Discovery of Potent and Selective Antibody-Drug Conjugates with Eg5 Inhibitors through Linker and Payload Optimization
- ACS Med Chem Lett. 2019 Dec 3;10(12):1674-1679. doi: 10.1021/acsmedchemlett.9b00468.
- 1. Novartis Institutes for BioMedical Research, Fabrikstrasse 2, CH-4056 Basel, Switzerland.
- 2. Novartis Institutes for BioMedical Research, 181 Massachusetts Avenue, Cambridge, Massachusetts 02139, United States.
- 3. Novartis Institutes for BioMedical Research, 5300 Chiron Way, Emeryville, California 94608, United States.
Targeted antimitotic agents are a promising class of Anticancer therapies. Herein, we describe the development of a potent and selective antimitotic Eg5 inhibitor based antibody-drug conjugate (ADC). Preliminary studies were performed using proprietary Eg5 inhibitors which were conjugated onto a HER2-targeting antibody using maleimido caproyl valine-citrulline para-amino benzocarbamate, or MC-VC-PABC Cleavable Linker. However, the resulting ADCs lacked antigen-specificity in vivo, probably from premature release of the payload.
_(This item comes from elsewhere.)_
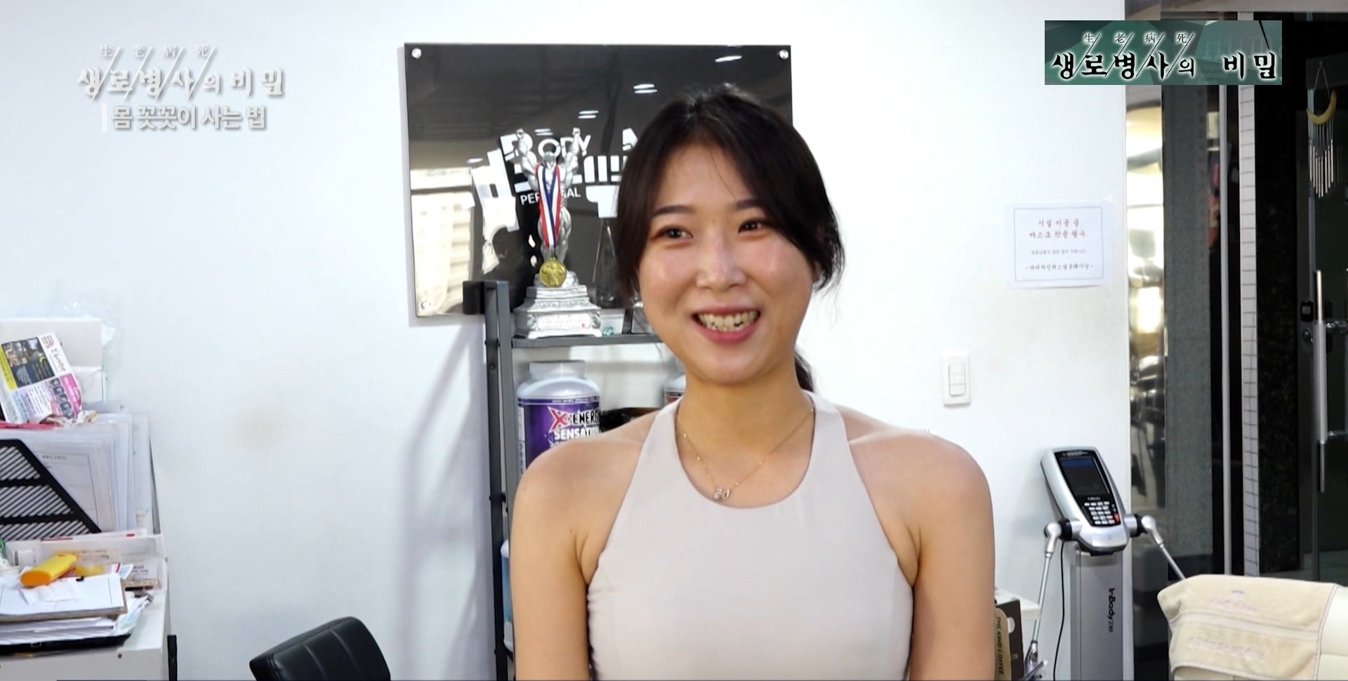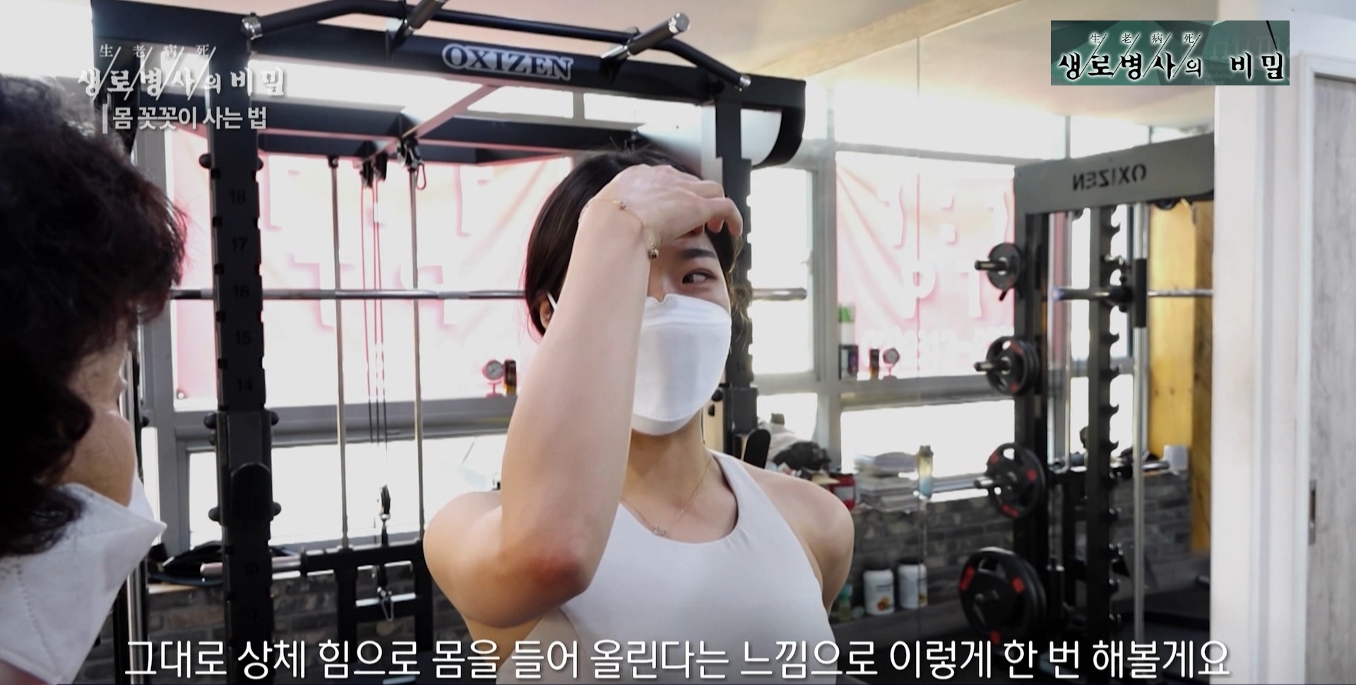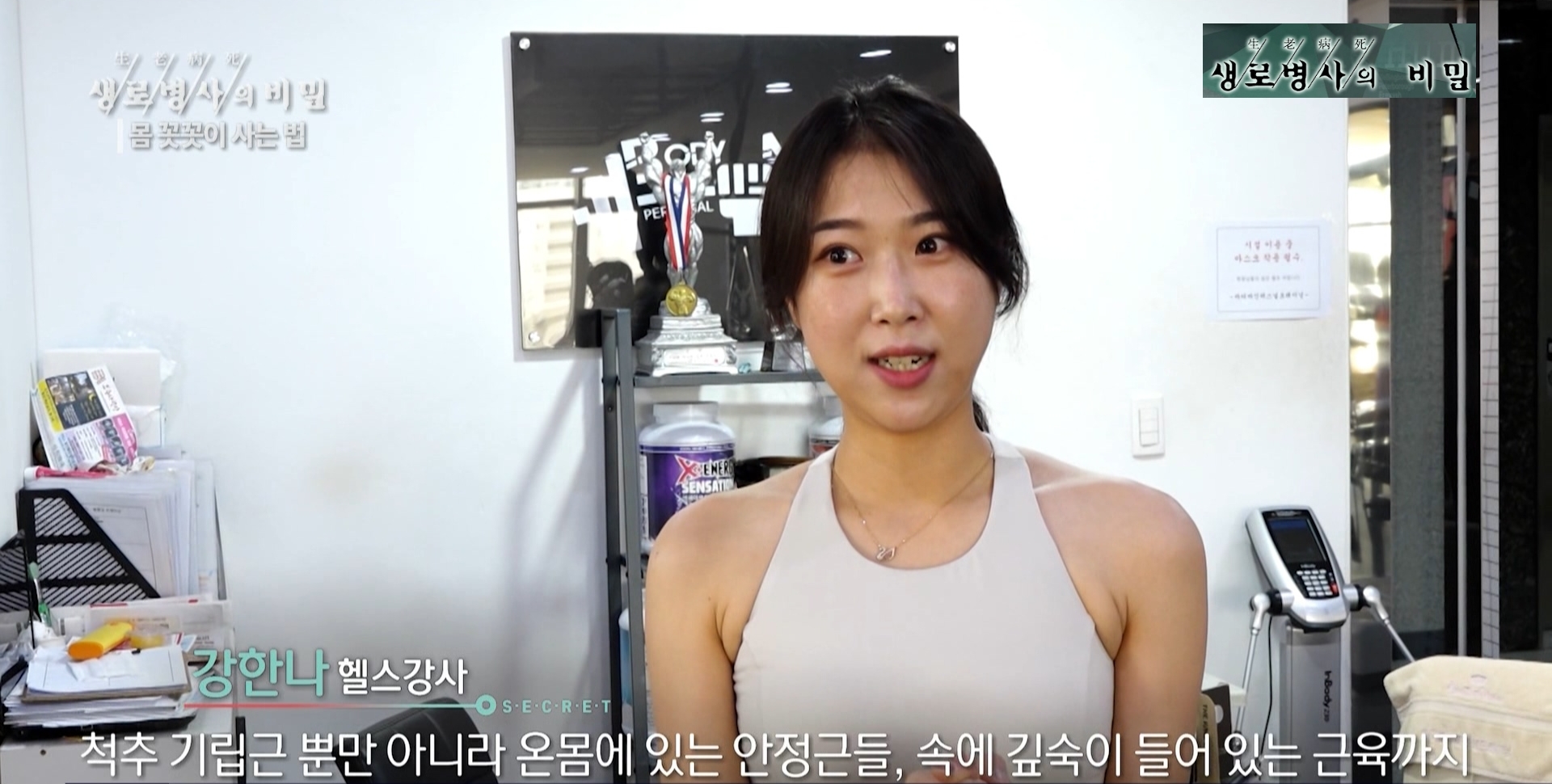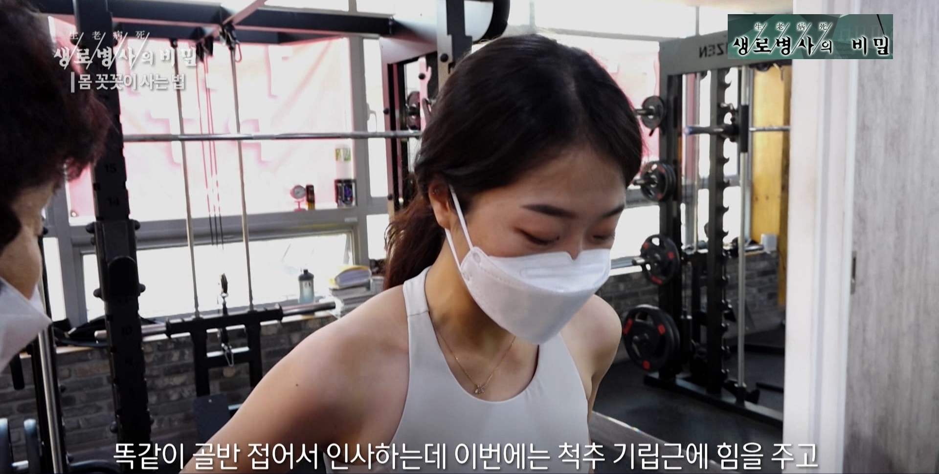 강한나 헬스강사 멘트: 척추 기립근 뿐만 아니라 온몸에 있는 안정근들, 속에 깊숙이 들어 있는 근육까지 다 사용하기 때문에 굉장히 척추 정렬에 도움이 많이 되는 운동입니다.
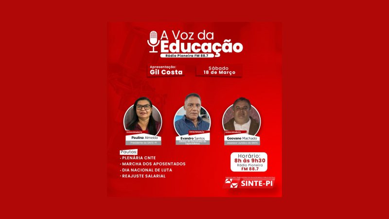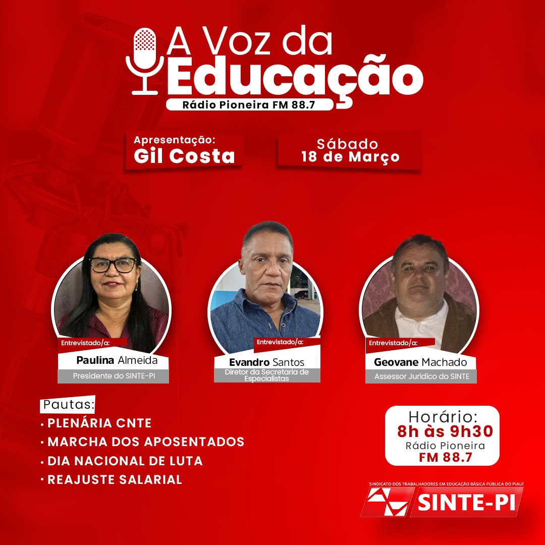 Das 8h às 9h30 pela rádio Pioneira FM 88,7 radiopioneirathe.com ou ainda pela rádioweb do Sinte no endereço avozdaeducacao.com

Second-generation ADCs were then developed, using noncleavable linkers, and the resulting conjugates (ADC-4 and ADC-10) led to in vivo efficacy in an HER-2 expressing (SK-OV-3ip) mouse xenograft model while ADC-11 led to in vivo efficacy in an anti-c-KIT (NCI-H526) mouse xenograft model in a target-dependent manner.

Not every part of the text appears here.